Another difference of opinion concerned the coalition of class forces for instituting the democratic revolution, an issue that had implications (to be seen shortly) for Marx and Engels’s electoral strategy. Not only Gottschalk but another key figure in the workers’ movement, Stephen Born, thought that priority should be given to issues that directly affected the working class and looked skeptically on an alliance with the petit bourgeoisie and peasantry. This stance, which Marx and Engels criticized, betrayed the tendency on the part of craft workers still saddled with a guild or straubinger mentality to dismiss the importance of the democratic revolution—a kind of working-class provincialism. To be sectarian toward these other social classes threatened the realization of that revolution, given that workers constituted a minority of society. Such a posture meant effectively conceding the franchise for that fight to the bourgeoisie, who, as Marx and Engels had already begun to point out, would increasingly vacillate on the issue of democracy.

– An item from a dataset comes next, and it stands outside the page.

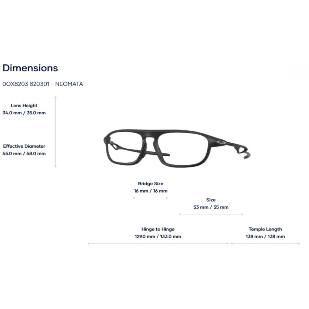 Oakley Neomata 0OX8203 có hai size 53 và 55, giúp người dùng dễ dàng chọn kích thước phù hợp với gương mặt. Thiết kế unisex cho phép cả nam và nữ đều có thể sử dụng linh hoạt.
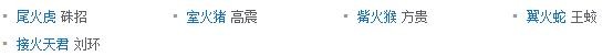 火部五位正神:尾火虎(朱招);室火猪(高震);觜火猴(方贵);翼火蛇(王蛟);接火天君(刘环)。

The differences of opinion that surfaced in the League pose the related question of democratic decision making within the organizations that Marx led—an issue that can only be briefly treated here. Suffice it to say that in Gottschalk’s case, owing to his disagreement with the League’s leadership about its electoral strategy, he was asked to tender his resignation. One of its rules stipulated that “subordination to the decisions of the League” was one of the “conditions of membership.” He told Marx that he disagreed with the rule and would indeed resign because “his personal freedom was in jeopardy.” What transpired gives credence to the argument that the League’s norms anticipated those that Lenin is most associated with: democratic centralism.9 Many years later Engels told a supporter in Denmark that the “labor movement depends on mercilessly criticizing existing society … so how can it itself avoid being criticized or try and forbid discussion? Are we then asking that others concede us the right of free speech merely so that we may abolish it again within our own ranks?”10 There is no evidence that he and Marx ever acted contrary to this stance, including in the case of Gottschalk. It was his actions—opposition to the League’s electoral strategy—and not his right to voice disagreement that were curtailed.